There’s nothing more satisfying than receiving a new album by an artist you thought you knew, only to be challenged and eventually, won over by their latest musical excursion. That’s what Cat Power has done on her latest…the first batch of new songs since 2006’s The Greatest.
While The Greatest found Chan Marshall tapping into the r&b sounds of Memphis and the Hi rhythm section, Sun is a completely different kettle of fish. Almost all of the music created here was played or programmed by Cat herself, and much of it was created on drum machines, beat boxes and synths. Members of her Dirty Delta Blues Band (Dirty Three drummer Jim White and guitarist Judah Bauer of the Jon Spencer Blues Explosion) appear on just one track, while Iggy Pop makes a brief cameo appearance on another.
The result of Cat Power’s new musical direction is fresh, engaging and, surprisingly considering her past work, uplifting.
The 40-year-old artist has been through a lot since The Greatest…mental illness, bankruptcy, writers’ block, alcoholism and a four-year-long relationship with actor Giovanni Ribisi that ended in March (a few months later he married a supermodel. Power was close to Ribisi’s teenage daughter Lucia, who gets a special thanks credit on the record along with Iggy.
Cat Power has had a long history of unstable performances and a fragile temperament (I witnessed an on-stage meltdown of hers in Texas back in 2004), so this could have turned into a miserable collection of songs that wallowed in self-pity. But just the opposite is the case.
The opening track, Cherokee, comes as something of a shock simply because of the unexpected electronic-based music. Lyrically, it’s quite dark, as if the singer was easing us into her new musical personae. She sings, “If I die before my time, bury me upside down.” Disturbing, yes, but not unusual for anyone familiar with the Cat Power of old.
The title track follows with more drum machines and synths as Cat sings, “Here comes the sun” amid the Radiohead-type electronic skittering. Power builds a multi-layered vocal track, the melody is beautiful and it’s clear that this is going to be a very pleasant musical experience.

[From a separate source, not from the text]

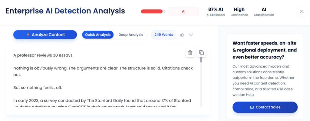 It detects outputs from major models including GPT-4, Claude, and others, and supports API integration for institutions that want to plug it directly into existing workflows. It's also SOC 2 compliant, which matters for universities handling sensitive student data.

Ruin, the one track with other musicians, is next, although it sounds very much in line with the previous tracks. It features a gently pulsing dance beat and self-reflective lyrics that chart her world-wide journeys from Saudi Arabia to Belfast to Mexico. No mention of New Zealand in the list of destinations, unless you count the “little bitty island in the middle of the Pacific”.

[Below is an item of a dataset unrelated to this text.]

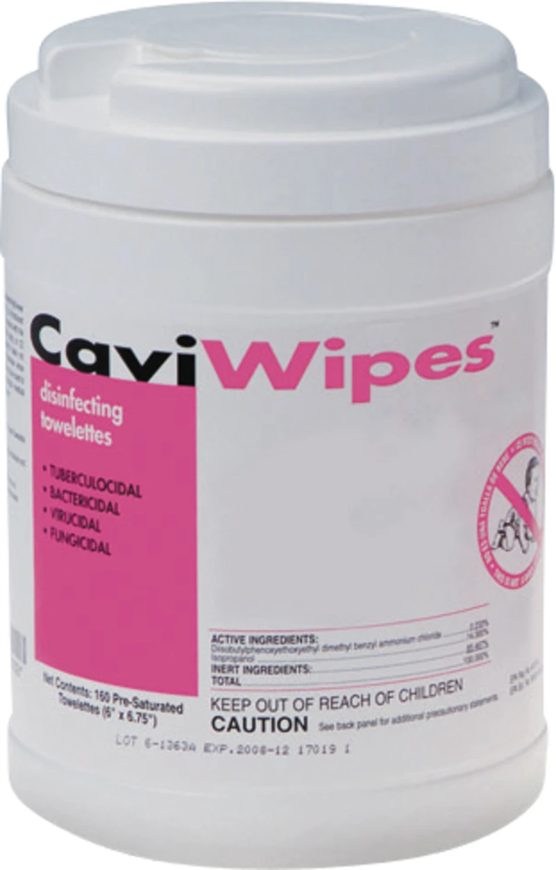 CaviWipes sind gebrauchsfertige Einweg-Desinfektionstücher, die zur effektiven Entfernung von Verschmutzungen sowie schnellen Breitspektrum-Desinfektion bereits mit CaviCide Lösung getränkt sind. Jedes CaviWipes ist ein haltbares, nicht gewebtes, vollständig gesättigtes Wischtuch, das nicht austrocknet und sich während des Gebrauchs nicht zusammenknüllt.CaviWipes sind frei von Aldehyden, Phenolen, Bleichmitteln oder sonstigen giftigen Chemikalien. CaviWipes eignen sich für die Anwendung auf nicht-porösen Oberflächen von medizinischen Geräten, die schnell und umfassend desinfiziert werden müssen. Die durchdachte Formel mit niedrigprozentigem Alkohol (17 %) gewährleistet die fungizide, bakterizide, viruzide und tuberkulozide Desinfektion in nur 3 Minuten. CaviWipes sind als Flat Packs und in Kanistern erhältlich.

3.6.9. features a slowed-down hip-hop type beat with Marshall speaking/rapping over top. It sounds like it should be a disaster, but it’s not.
The second half of the album is where Cat Power really finds her footing. She’s obviously in a good place emotionally despite what she’s been through and songs like Real Life and Human Being reflect that. She shares insights such as “Sometimes you gotta do what you don’t want wanna do”, and “You got your own voice so sing”. The sentiments may seem like clichés but Cat pulls them off with her charm and sincerity. She’s never preachy or overly sentimental or cloying.
The album’s centrepiece is the 10 minute Nothin But Time. The epic track build up tension while Power sings encouraging lines line “it’s up to you to be a superhero. I can only assume that the song was written for Lucia, but it also sounds like she is cheering herself on. Iggy comes in crooning at about the 6 minute mark (apparently Bowie was Power’s first choice). He sounds OK, but perhaps a bit out of place.
After the memorable Nothin But Time, the record wraps with the equally powerful, but much shorter Peace & Love. Cat gives credit to the flower power generation but asserts, “I’m a lover but I’m in it to win”.
Cat Power’s newfound confidence is apparent through much of this album (check out her rock & roll swagger on Silent Machine) and it’s inspirational and infectious. Her uplifting message is accompanied by music that is innovative, unique and surprising, but ultimately very satisfying. No doubt about it, this is one of the musical highlights of 2012.